• [About this exercise] Although the entries contain pictures, write out only their text, exactly as it stands.

• [Material for this exercise]
======

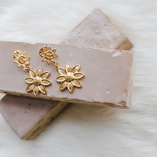 Stainless Steel - Rostfrei Stahl Ohrringe/Ohrstecker Flower mit Öse Gold
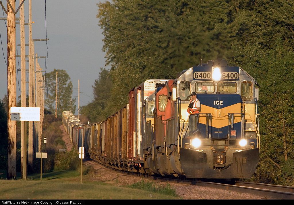 | Under the last rays of a glaring sun, ICE 6400 slows to a hault outside of a quiet SE Minnesota town. The crew would proceed to uncouple about 8 cars back and deliver them to a siding on the other side of town. |
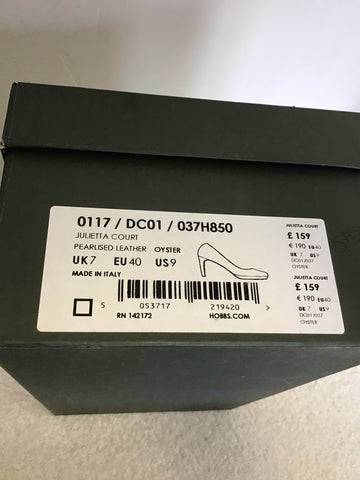 HOBBS JULIETTA PEARLISED OYSTER LEATHER HEELED COURT SHOES SIZE 7/40
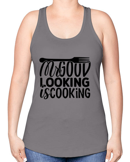 mr good looking is cooking 1406# - bbq -Racerback Tank
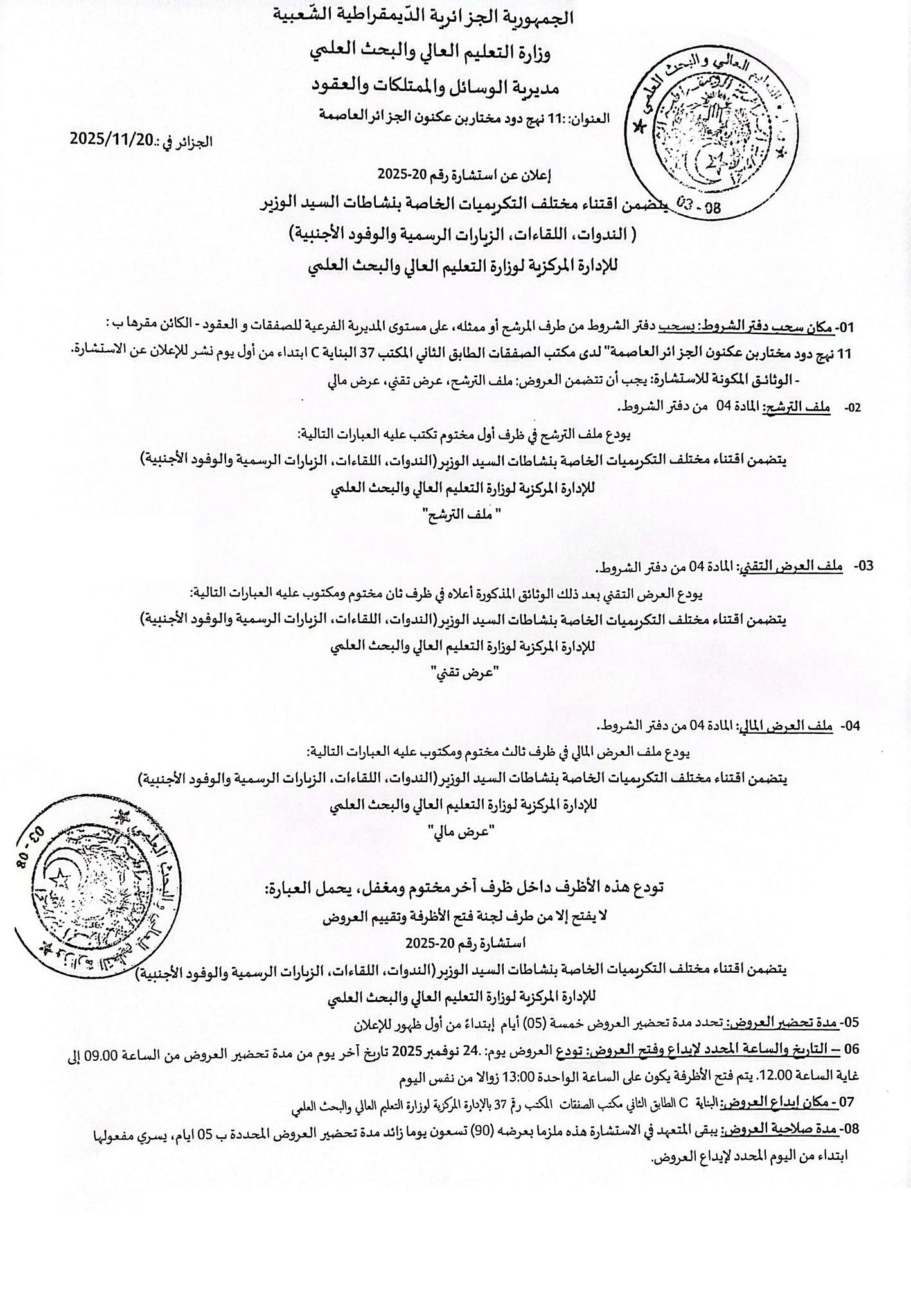مديرية الوسائل و الممتلكات و العقود تعلن عن استشارة خاصة باقتناء مختلف التكريمات
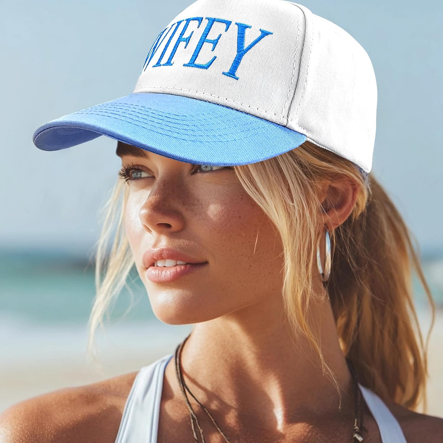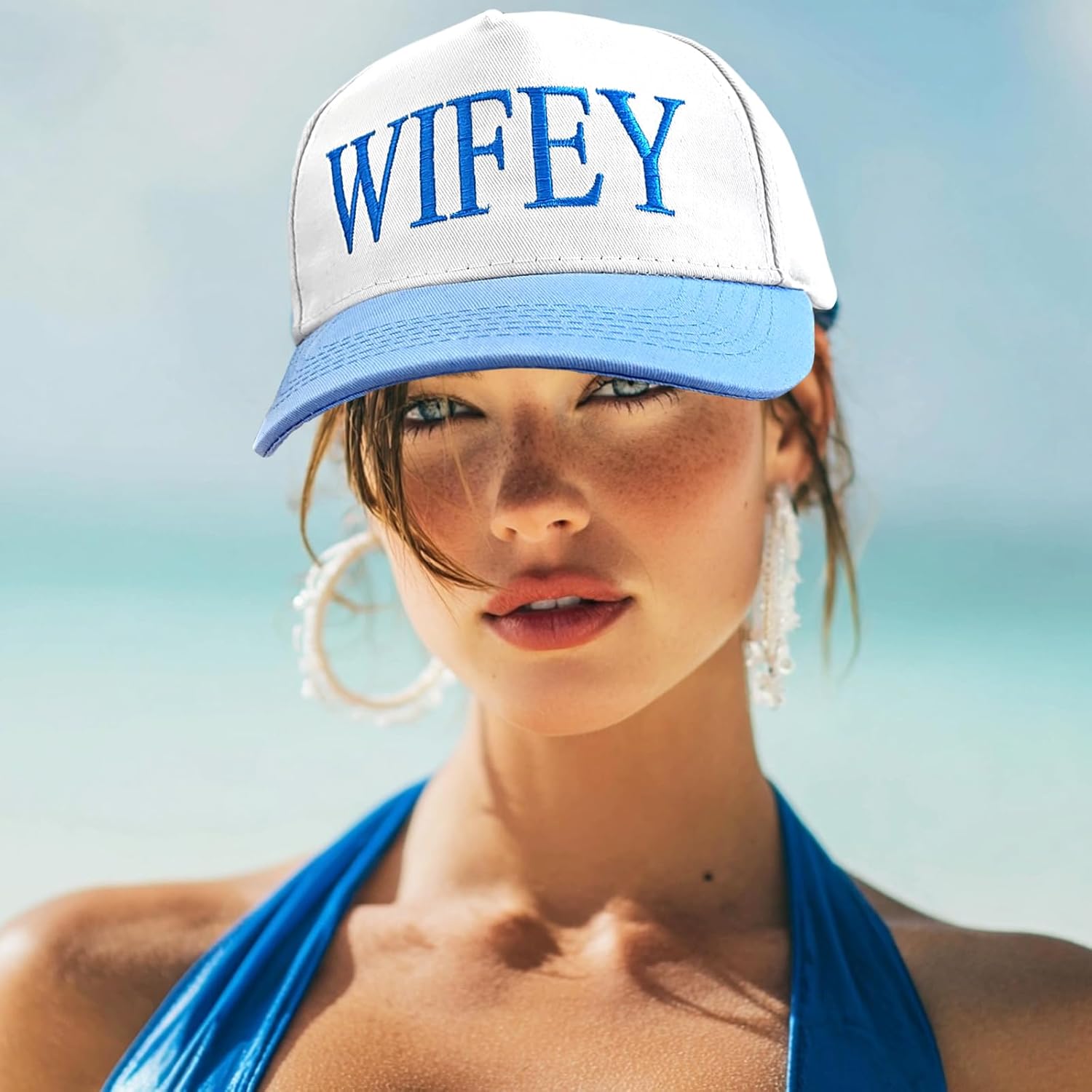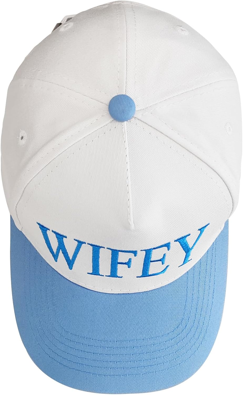 - Bridal Shower Gifts: This blue and white baseball cap has the word “WIFEY” embroidered on the front. It is cute and elegant with a understatement, making it a something blue gift for bride. Designed specifically for the bride, this wedding accessory for wedding and honeymoon, celebrating the bride’s new journey in style

======

• [Exercise response]
 Stainless Steel - Rostfrei Stahl Ohrringe/Ohrstecker Flower mit Öse Gold
 | Under the last rays of a glaring sun, ICE 6400 slows to a hault outside of a quiet SE Minnesota town. The crew would proceed to uncouple about 8 cars back and deliver them to a siding on the other side of town. |
 HOBBS JULIETTA PEARLISED OYSTER LEATHER HEELED COURT SHOES SIZE 7/40
 mr good looking is cooking 1406# - bbq -Racerback Tank
مديرية الوسائل و الممتلكات و العقود تعلن عن استشارة خاصة باقتناء مختلف التكريمات
 - Bridal Shower Gifts: This blue and white baseball cap has the word “WIFEY” embroidered on the front. It is cute and elegant with a understatement, making it a something blue gift for bride. Designed specifically for the bride, this wedding accessory for wedding and honeymoon, celebrating the bride’s new journey in style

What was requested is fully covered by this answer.